Hi,

I'm interested in a use case where there is a long running job producing 
results as it goes that may die and therefore must be restarted, making sure to 
continue from the last known-good point.

For this use case, it seems best to use the "IPC Streaming Format" and write 
out the batches as they are generated.

However, once the job is finished it would also be beneficial to have random 
access into the file. It seems like this is possible by:


  1.  Manually creating a file with the correct magic number/padding bytes and 
then seq'ing past them.
  2.  Writing batches out as they appear.
  3.  Doing a pass over the record batches to gather the information required 
to generate the footer data.

Whilst this seems possible, it doesn't seem like it is a use case that has come 
up before. However, this does surprise me because adding index information to a 
"completed" file seems like a genuinely useful thing to want to do.

Has anyone encountered something similar before?

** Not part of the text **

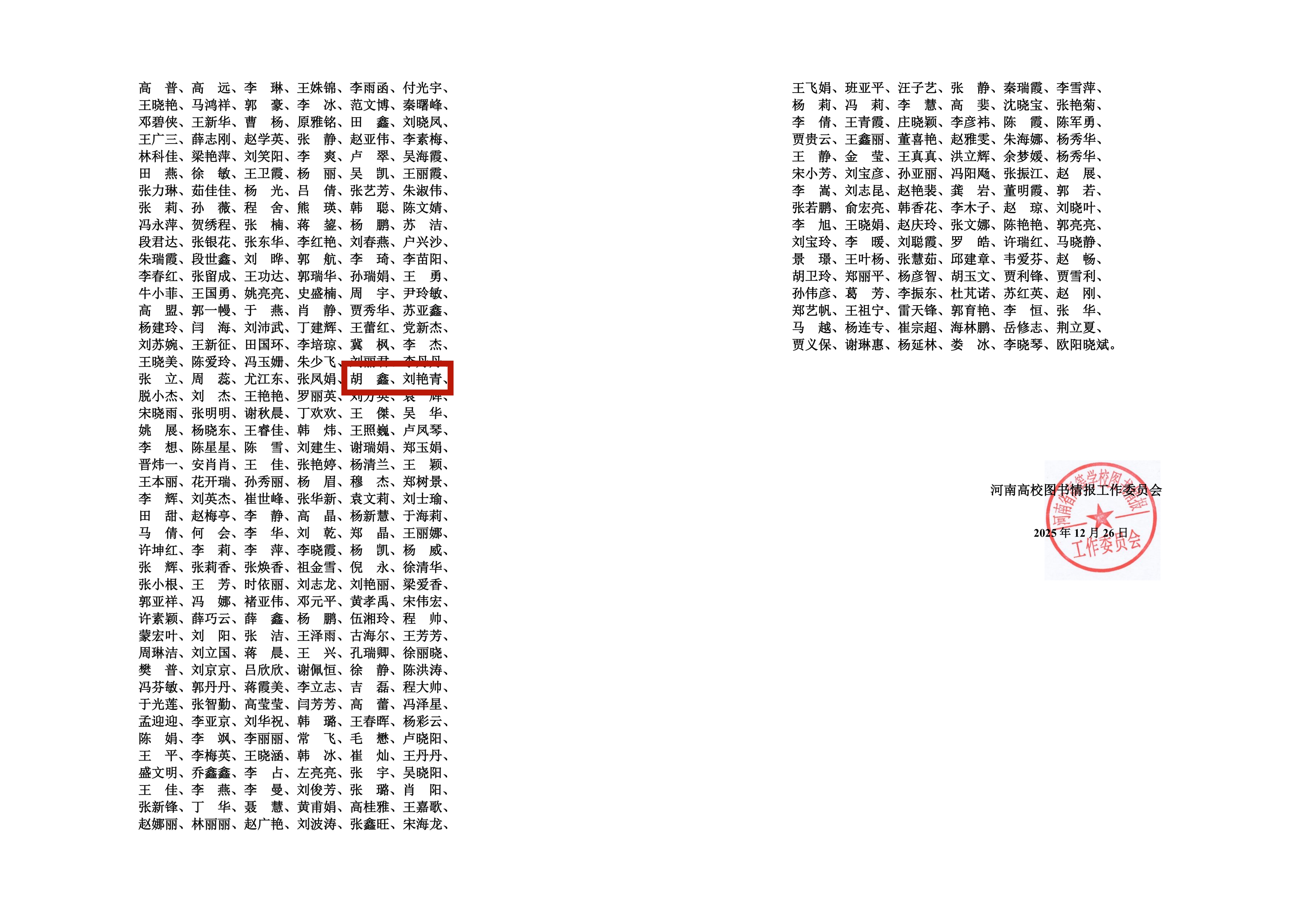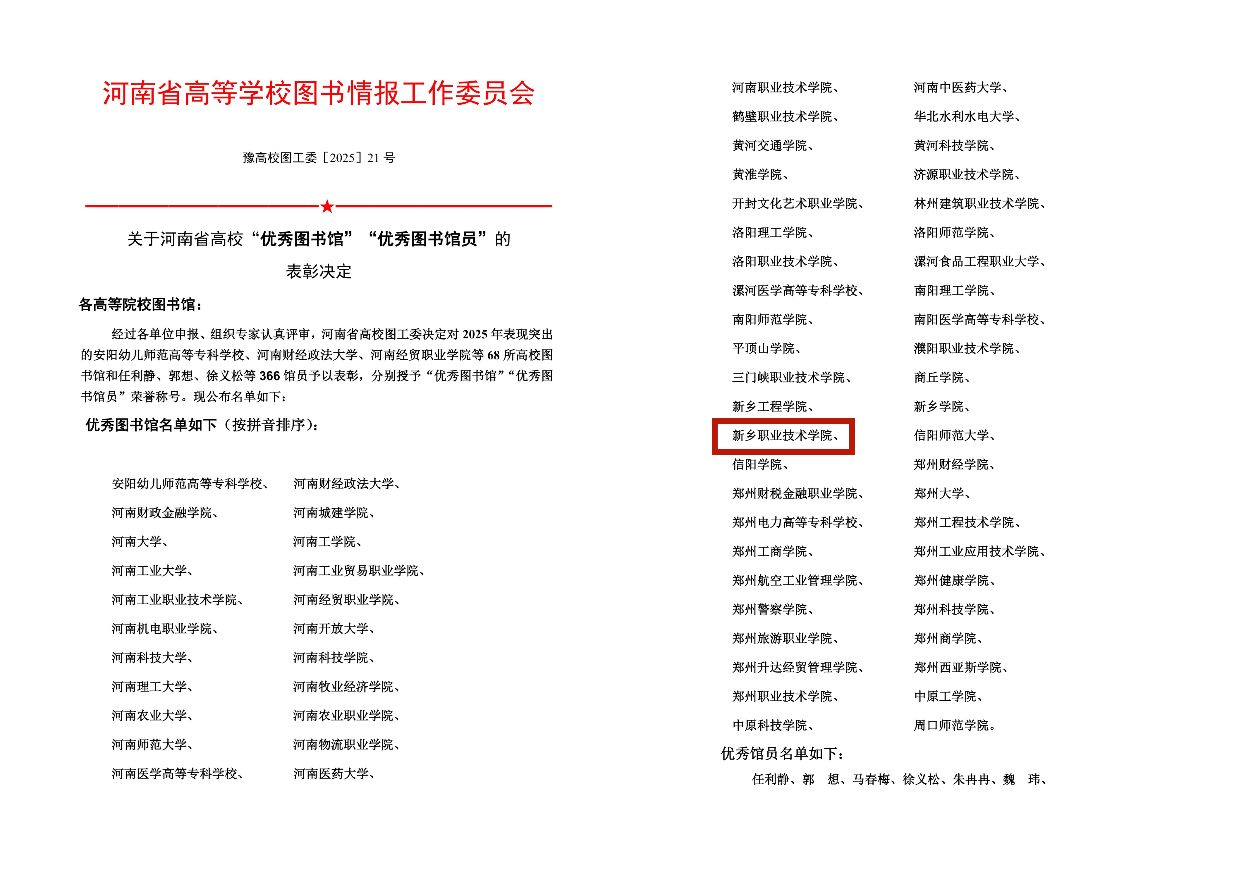 近日,河南省高等学校图书情报工作委员会高校图书馆评优结果公布,我校三度摘桂省高校优秀图书馆,刘艳青、胡鑫两名馆员荣获优秀图书馆员称号。

Is there an easier way to achieve this? i.e. does this functionality, or parts 
of, exist in another language that I can bind to in Python?

Best,

Sam


IMPORTANT NOTICE: The information transmitted is intended only for the person 
or entity to which it is addressed and may contain confidential and/or 
privileged material. Any review, re-transmission, dissemination or other use 
of, or taking of any action in reliance upon, this information by persons or 
entities other than the intended recipient is prohibited. If you received this 
in error, please contact the sender and delete the material from any computer.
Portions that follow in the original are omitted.